El recuerdo de aquella niña, de aquel primer amor inocente, infantil, se mantuvo inactivo en algún recóndito lugar de mi cabeza y se fue aparcando con el resto de relaciones que desarrollaría en mi infancia y que no cuajaron hasta llegar al instituto. Ocho años habían pasado desde aquel detalle de las flores. Por razones ajenas a mí, siempre estuve un año más atrás que el que correspondía a mi edad, así que yo tenía trece años cuando asistí por primera vez al instituto Puerta de Cuartos, muy cerquita de cumplir los catorce.

En aquel primer contacto, como sabemos, coincidí, en clase con mi Novia Secreta y Arenita, la cual también tiene una historia interesante. Arenita, tenía dos amigos que se colaban en mi aula durante los cambios de clase. Una vivaracha y alegre muchacha cuya voz destacaba entre las demás y un apocado chico que durante años se negó a aceptarme como amigo: Pichón.
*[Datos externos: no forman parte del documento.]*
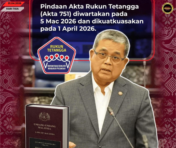 PUTRAJAYA, 1 April — Menteri Penyerakup Menua, Datuk Aaron Ago Dagang, madahka Akta Rukun Tetangga 1975 [Akta 751] (Ubah) 2025 diatu udah berengkah dipejalaika enggau rasmi berengkah sehari tu, nyadi singkang ke besai reti dikena ngenegapka pangku pengawa komuniti ke lantang sereta likun.

La muchacha que acompañaba a Pichón, tenía una cara que en cuanto mi tímida mirada (porque señoras y señores yo era un niño callado que apenas se relacionaba con nadie) se cruzó con aquella sonrisa, sintió una enorme curiosidad. Como una atracción magnética surgida de la naturaleza, de la química o simplemente del destino.

Fue con las semanas que la empecé a observar más detenidamente. Su cara me sonaba y no podía adivinar de qué. Un día escuché entonces su nombre y como si hubiera viajado al pasado lo tuve claro: Era mi niña de las flores. Me sentí conmovido y de alguna manera más cerca de ella, solo que aún no éramos amigos. Apenas cruzábamos algunas palabras, pero todo llegaría.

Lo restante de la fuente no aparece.